HKIFF at 40

in 40th Hong Kong International Film Festival

by Stephen Teo

The Hong Kong International Film Festival of 2016 unfolded its fortieth edition from 21 March to 4 April with more than 200 films shown in venues spread out all over Hong Kong (from the New Territories to Hong Kong Island). Thus, on its fortieth anniversary, the festival demonstrated its ability to maintain its relevance to the city as perhaps the premier art and cultural event of the territory. It shored up its reputation for cinematic diversity and quality under a spirit of independent programming and administration—the festival having now established itself as an independently-run entity from its original status when it was completely managed by the government for some 28 years before it became “privatized” in 2004.

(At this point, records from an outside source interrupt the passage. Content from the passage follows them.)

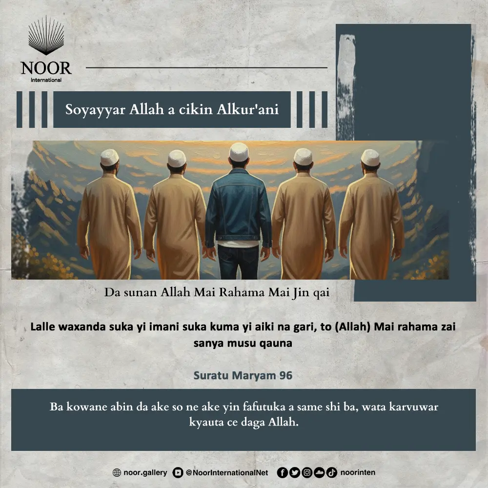 Ya ku waxanda suka yi imani, duk wanda ya yi ridda daga cikinku, ya bar addininsa, to (ya sani) Allah zai kawo waxansu mutane da Yake son su suna son Sa, suna masu qasqantar da kai ga muminai, suna masu nuna wa kafirai isa, suna yin jihadi don xaukaka kalmar Allah, kuma ba sa jin tsoron zargin wani mai zargi. Wannan falalar Allah ce da Yake bayar da ita ga wanda Ya ga dama. Kuma Allah Mayalwaci ne, Masani. [Ma’ida: 54]
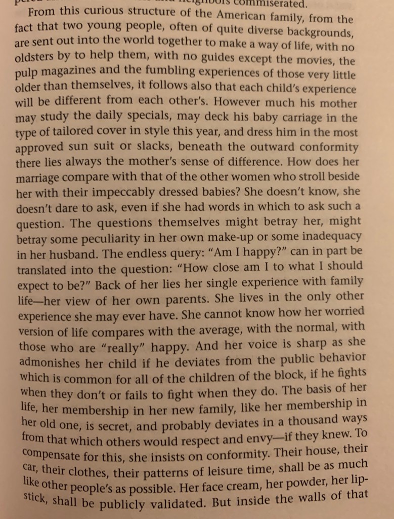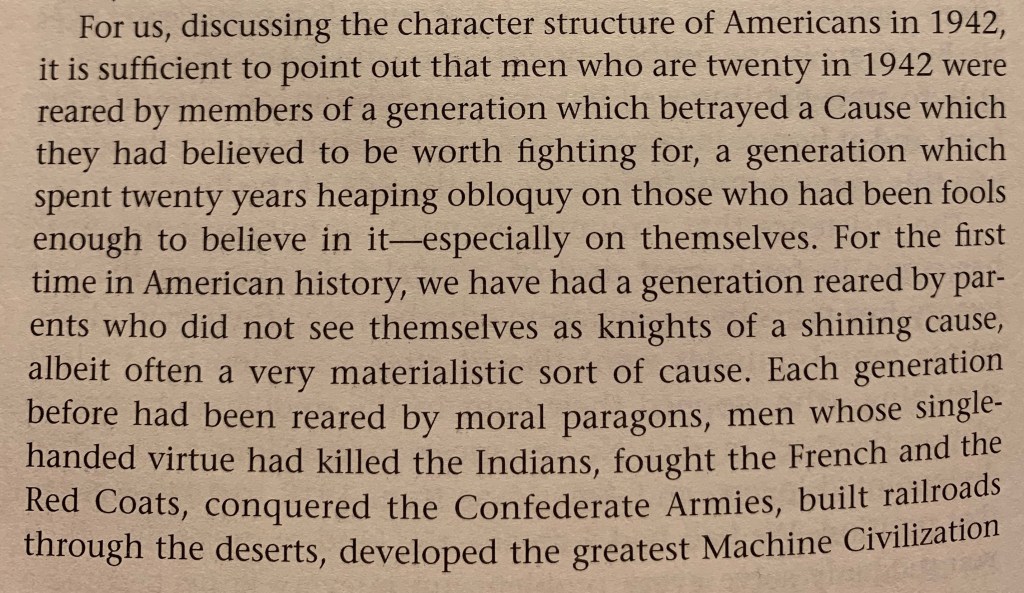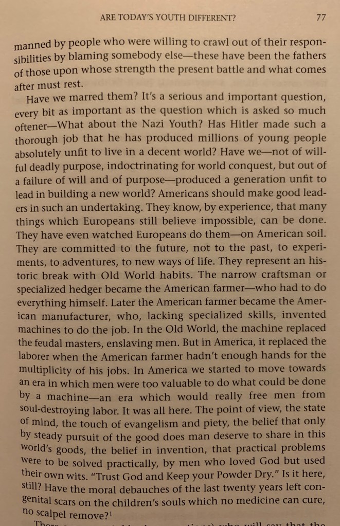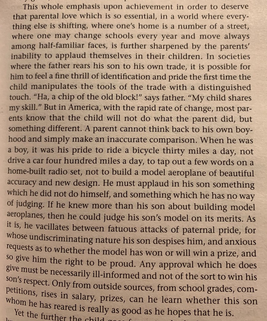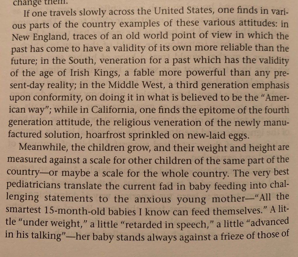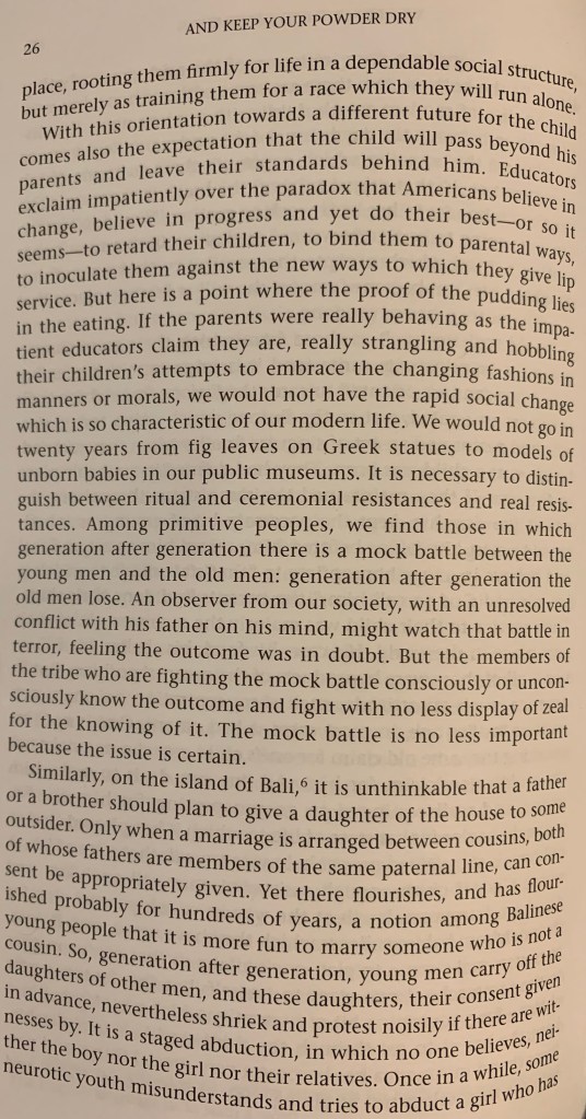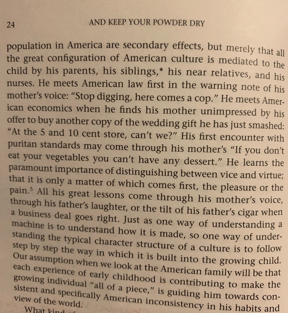 The remainder of Chapter VIII of And Keep Your Powder Dry is absolutely fascinating. Margaret Mead discusses the formation of the conscience, the American experience of adolescence, and how they form America’s drive toward Progress.
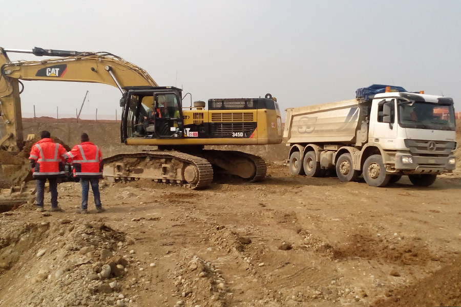 Realizzazione di Movimenti di materie, con scavi di sbancamento, formazione di rilevati, stabilizzazione a cemento, trasporto di terre e rocce da scavo, profilatura e rivestimento scarpate con terreno vegetale. Lavori realizzati sul doppio turno lavorativo.
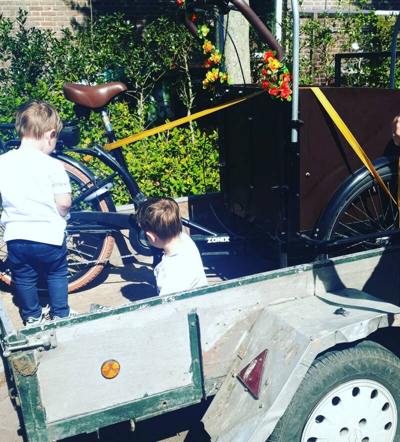 Toen we eindelijk thuis waren zijn we er gelijk mee op pad gegaan, langs de opa's en oma's, het was al te laat om langs alle opa's en oma's te gaan dus dat doen we zeker van de week of volgend weekend, met een elektrische fiets is een langere afstand ook te doen dus kom maar op met de kilometers! Tijdens het showen van de bakfiets zijn we nog even blijven plakken bij een opa en oma en hebben we daar, ja op veilige afstand wat gegeten en kwam er nog een heuse ijsboer met muziek en alles erop en eraan, wat een feest en een mooi moment om de dag mee af te sluiten. Ik moet nog wel even oefenen op de fiets, want een bakfiets is toch wel even wat anders dan een gewone fiets en zeker wanneer je kids erin zitten. Morgen dus maar eens een rondje erop weg, aangezien ik nog lekker een dag vrij ben! Ik kan niet wachten om er veel kilometers mee te gaan maken!
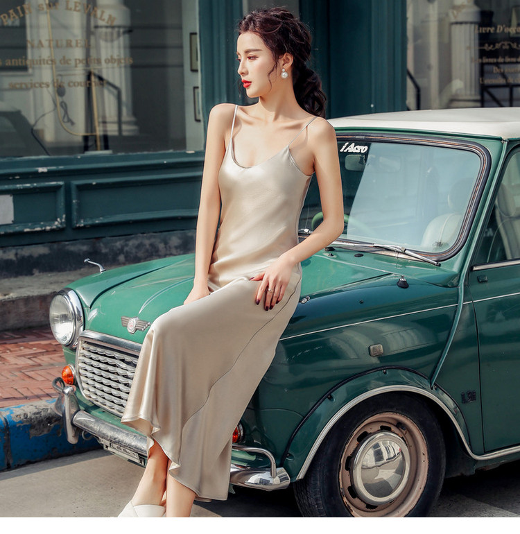 桑蠶絲吊帶女夏內搭打底醋酸連衣裙
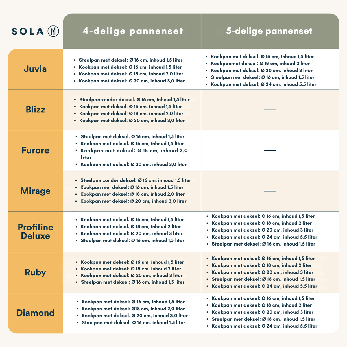 Profiline Deluxe gehört seit vielen Jahren zu den beliebtesten Sola Topfsets. Diese robusten und stabilen Töpfe verleihen deiner Küche sofort ein professionelles Aussehen. Möchtest du gerne noch einen zusätzlichen Topf aus der Profiline Deluxe Serie bestellen? Das ist möglich! Wir verkaufen nämlich auch Einzelteile aus dieser Serie.

HKIFF began life as a purely cinephilic festival but it became competitive when it became independent, one of the signs of its fully grown-up development, one might say. In addition to the Fipresci Prize, there were four other juries deliberating on HKIFF40. The categories were the Young Cinema Competition, the Documentary Competition, the Signis Award, and the Short Film Competition. With the exception of the Fipresci jury (which awarded only one main prize), all the other competition categories awarded either the special mention or the jury prize in addition to the main prizes. The main competition category is the Young Cinema Prize (named the Firebird Prize), which was awarded to newcomer director Zhang Hanyi’s debut film Life After Life (Zhifan maoye), with a Jury Prize going to Austrian director Händl Klaus’s Tomcat (Kater). The films in the Young Cinema competition, some of which also overlapped with the selections for the Fipresci Prize, reflected the strong diversity and range of modern cinema, and covered themes of development and the need for more social understanding and tolerance in developing countries such as Mongolia, Saudi Arabia, Ghana, southern Thailand, and deep in the provinces of China. The young filmmakers (most of whom were doing either their debut films or into their second works) showed a sense of maturity in their handling of content as well as in technique.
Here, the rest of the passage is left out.